Wednesday, January 6, 2010

The Filibuster Argument

The filibuster argument out here in blogland has been a bit more engaged recently, with Ross Douthat and Will Wilkinson taking on the anti-filibuster group, featuring Ezra Klein, Matt Yglesias, Kevin Drum, James Fallows, and others.


As regular readers know, I'm broadly sympathetic to the anti-majoritarian arguments that Douthat and, especially, Wilkinson have been making.  American democracy has never been a simple majoritarian system.  Madison believed, and I think correctly, that majoritarian democracy was an invitation to instability.  For all of Ezra Klein's focus on the filibuster and it's evolution from a rare to a ubiquitous tactic, he's wrong to imply that Congress used to be governed by simple majorities.  In fact, one of the possible reasons for the rise of the filibuster is that many of the older anti-majoritarian practices in Congress, especially in the House, have vanished (can't link to Ezra's post from today right now, because his blog is broken, but I'll correct later).

However, I think that Douthat and Wilkinson need to answer two questions if they really want to persuade:

1.  Why this specific anti-majoritarian rule?  60 Senators to pass all legislation?  Really?  What's the justification not for anti-majoritarianism in general, but for the 60 vote Senate?  I do think that Matt Yglesias, for one, would prefer to just eliminate the Senate (and have the House choose the president), but that doesn't mean he's necessarily wrong that the filibuster is a bad anti-majoritarian device.

2.  Does democracy work if the out party can, as long as it has 41 Senators, benefit from being the "party of no?"  I think that's the best anti-filibuster argument out there, and Matt Yglesias and Ezra Klein have been making it recently.  I'll develop this one a bit...Wilkinson says:
But the ability of a minority to affect the pace of a session forces the majority to focus on its priorities and keep contentious but not-so-important issues off the floor. This blocks any number number of “particular issues.”


Why would a senator stall the process? Because he or she wants something, of course. Most of the procedural convolutions in the Senate are pretty clearly logrolling and vote-trading opportunities. It is the sum of these exchanges, not mere head-counting, that ensure that the various interests represented by the legislators have been taken into account.
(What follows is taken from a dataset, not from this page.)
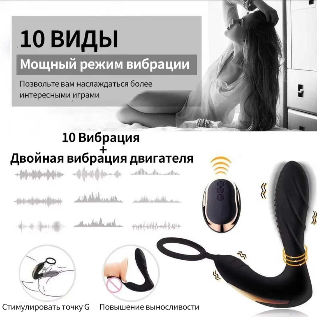 Массажёр простаты с кольцом и с беспроводным пультом управления
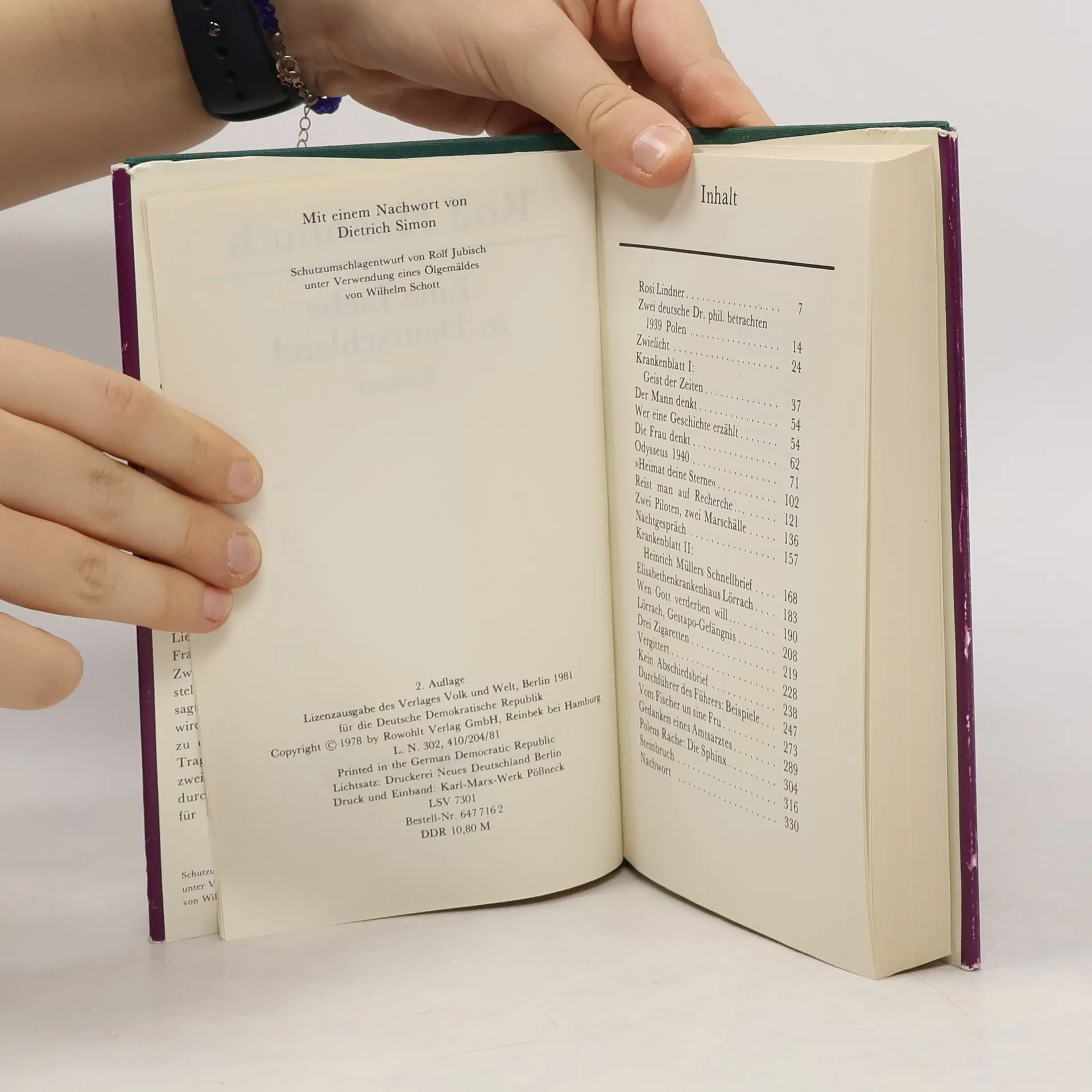 Die Geschichte erzählt von der Liebe einer deutschen Gemüsefrau und einem polnischen Kriegsgefangenen in einem scheinbar idyllischen badischen Dorf, die sich im Hitler-Krieg ereignet hat. Hochhuth stellt hier Politik nicht an jenen Personen dar, die sie machen, sondern an den „kleinen Leuten“, mit denen Politik gemacht wird. Ein vorabgedrucktes Kapitel aus dieser tragischen Erzählung wurde zum Gegenstand eines Prozesses, der den Sturz eines „furchtbaren Juristen“ und Ministerpräsidenten zur Folge hatte und Hochhuth zu seinem vielgespielten Drama „Juristen“ anregte.

And this rough balancing of conflicting interests and convictions, not mere head-counting, establishes whatever democratic legitimacy legislation might have.
That's all well and good, and I agree with the underlying democratic theory expressed here.  However, I think it's pushing things to say that it's a good empirical description of the current United States Senate.  "Why would a senator stall the process? Because he or she wants something, of course."  Is that really why Republicans were filibustering legislation and nominations that they ultimately voted for?  The case Klein and Yglesias make is that as long as the minority party believes it will collectively gain from blocking things that will help the nation; and, as long as the minority party contains at least 41 Senators who will act on that belief instead of acting on specific things that those Senators want, then the minority can win: block legislation, nation goes to hell, minority party wins next election. 

Now, if that's what's actually going on in the Senate right now (and, granted, the GOP doesn't have 41 Senators willing to do it), then that's really not the empirical reality described by Wilkinson's theoretical justification.   I think this is a serious point, and defenders of the 60 vote Senate have to address it.